The Credit High Has Worn Off
Bloomberg is reporting Central Banks Add Cash to Avert Crisis of Confidence.
The Federal Reserve, in a second day of action in concert with the European Central Bank, provided $38 billion of reserves and pledged further funds “as necessary,” in a statement unprecedented since the aftermath of the Sept. 11, 2001, attacks. The European Central Bank loaned 61.05 billion euros ($83.6 billion) after injecting a record amount yesterday.
In the U.S., the federal funds rate opened at 6 percent, the highest in six years. The rate, which normally fluctuates around the Fed’s target, fell to 5 percent after the New York Fed bought assets including mortgage-backed securities in three operations over a six-hour period. The $38 billion was the highest amount of temporary funds since Sept. 12, 2001.
Today, the Fed said in an unscheduled statement that it will add money to the system as needed to steer the federal funds rate “close to” the 5.25 percent target. Officials also noted that direct loans through the Fed’s discount window are available “as always.”
Countrywide Financial Corp., the biggest U.S. mortgage lender, today said it faces “unprecedented disruptions” that may hurt profit. Countrywide won’t be able to sell as many of its loans as expected because investor demand has dried up, the Calabasas, California-based company said. NIBC Bank NV in the Netherlands posted losses from U.S. credit investments.

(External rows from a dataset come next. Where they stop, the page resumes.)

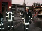 Das TLF und das MTF-L spuckten bei ihrem Eintreffen an der Einsatzstelle Atemschutzgeräteträger aus, die sich sofort für einen Innenangriff zur Menschenrettung bereit machten. Das Gebäude und die Lage waren vorher vom Zugführer erkundet worden, der zwei Arbeiter vorfand, die zuvor Schweißarbeiten in der Halle durchgeführt haben sollten. Nach einer Verpuffung kam es zum Brand und einer starken Rauchentwicklung, vor der sich ein dritter Kollege nicht mehr rechtzeitig in Sicherheit bringen konnte. Ihn zu retten war daher der erste Auftrag.
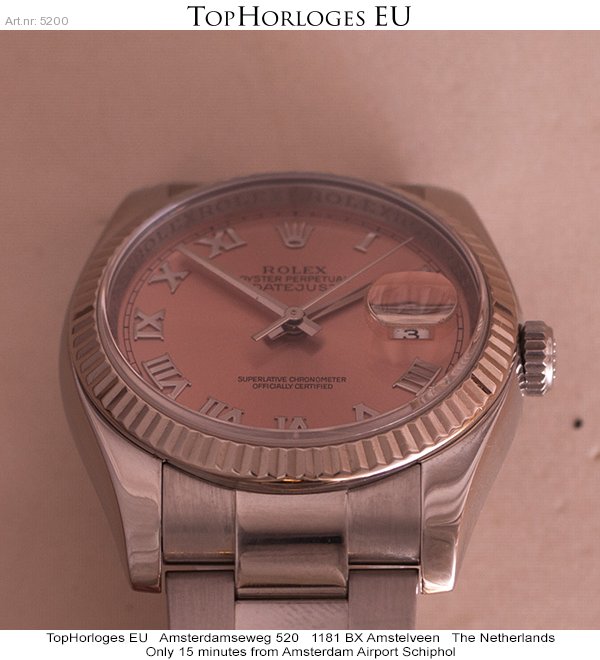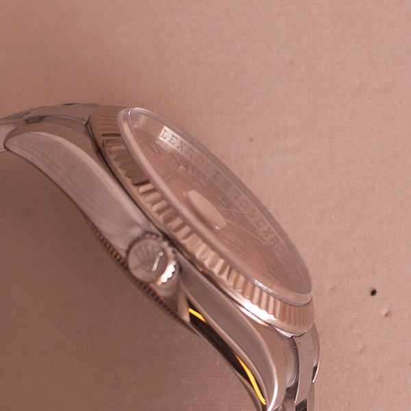 Beautiful 36mm Rolex datejust with whitegold bezel and oyster bracelet.
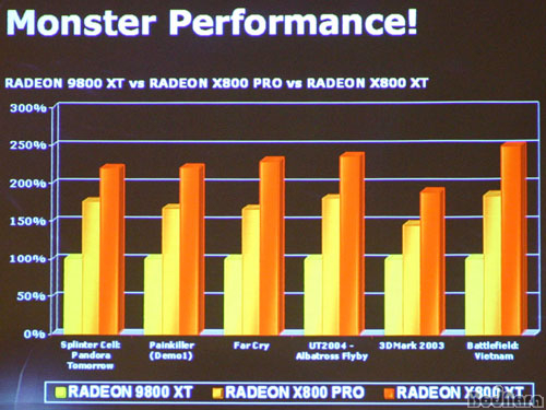 | "±«¹°°°Àº ¼º´É"À̶õ Á¦¸ñÀ» ºÙÀÏ Á¤µµ·Î Radeon X800 ½Ã¸®Áî´Â ÀÌÀü ¼¼´ëÀÇ ÇÏÀÌ¿£µå Á¦Ç°¿¡ ºñÇØ ¿ùµîÈ÷ ¶Ù¾î³ ¼º´ÉÀ»
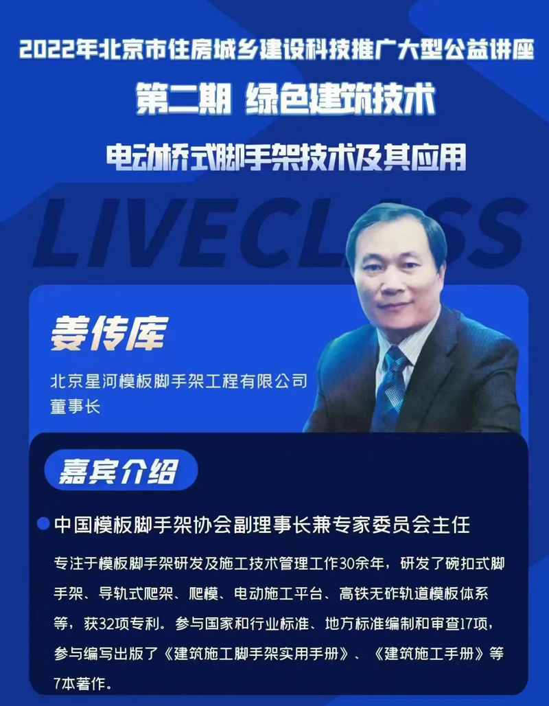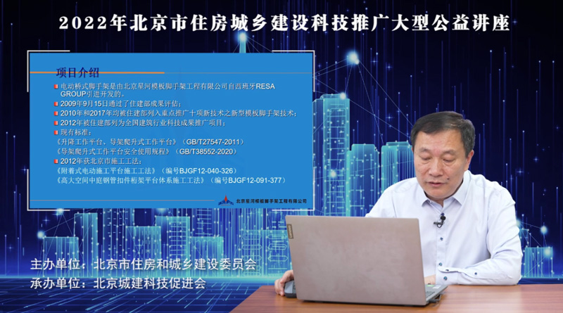 協(xié)會(huì)副理事長兼專家委員會(huì)主任、北京星河模架工程有限公司董事長姜傳庫,近日做客2022年北京市住房城鄉(xiāng)建設(shè)科技推廣大型公益講座,主講《電動(dòng)橋式腳手架技術(shù)及其應(yīng)用》。

Countrywide is hooked on “credit crack”. They continuously need more of it. I talked about Countrywide (CFC) Thursday in “Unprecedented Disruptions” at Countrywide. The overnight gyrations of CFC (gapping down to $24.76 and recovering all the way back up to $28.08 before settling at $27.86 down about 2.8% perhaps tells a story. If so what is that story? Is the Fed accepting mortgage backed garbage from CFC as collateral?
Gold was up on Friday, perhaps in response to Bernanke’s three repo actions accepting mortgage assets that no one else wants as collateral. Then again perhaps gold was responding to something else (which is why one must be cautious about such casual correlations). Nonetheless the 24 hour chart from Kitco was interesting.
(click on chart for a sharper image)
The above chart is thanks to Kitco and is a snapshot taken 16:41 EST on Friday August 10. Whether or not gold was acting the way it did because of Bernanke’s panic is hard to say. What’s easier to say is that is how we should expect gold to behave if the Fed is willing to take toxic waste as collateral for temporary loans.
But enabling addicts (which is what the Fed is doing) is morally wrong. See High Rate CDs and other Moral Hazards for more on that topic.
And the thing about addiction is that over time it takes stronger and stronger doses to achieve the same high. In 1980 it took $1 in debt to add $1 to the GDP. Today it takes closer to $7 or $8 in debt to add $1 to GDP and that of course presumes one believes today’s GDP figures.
The problem with such addiction is that stronger and stronger doses eventually kills the patient. This is where we are today. Some junkies (consumers) have finally realized this on their own accord, most far too late to do any good, as debt has already hollowed out their livelihood just as heroin would have done. Some dealers (banks and brokerage houses) have belatedly realized the same thing and have stopped extending credit to credit junkies. A violent withdrawal is now underway. An enabling Fed is attempting to halt this “credit withdrawal” but as Succo suggests, the Fed is fighting a losing battle.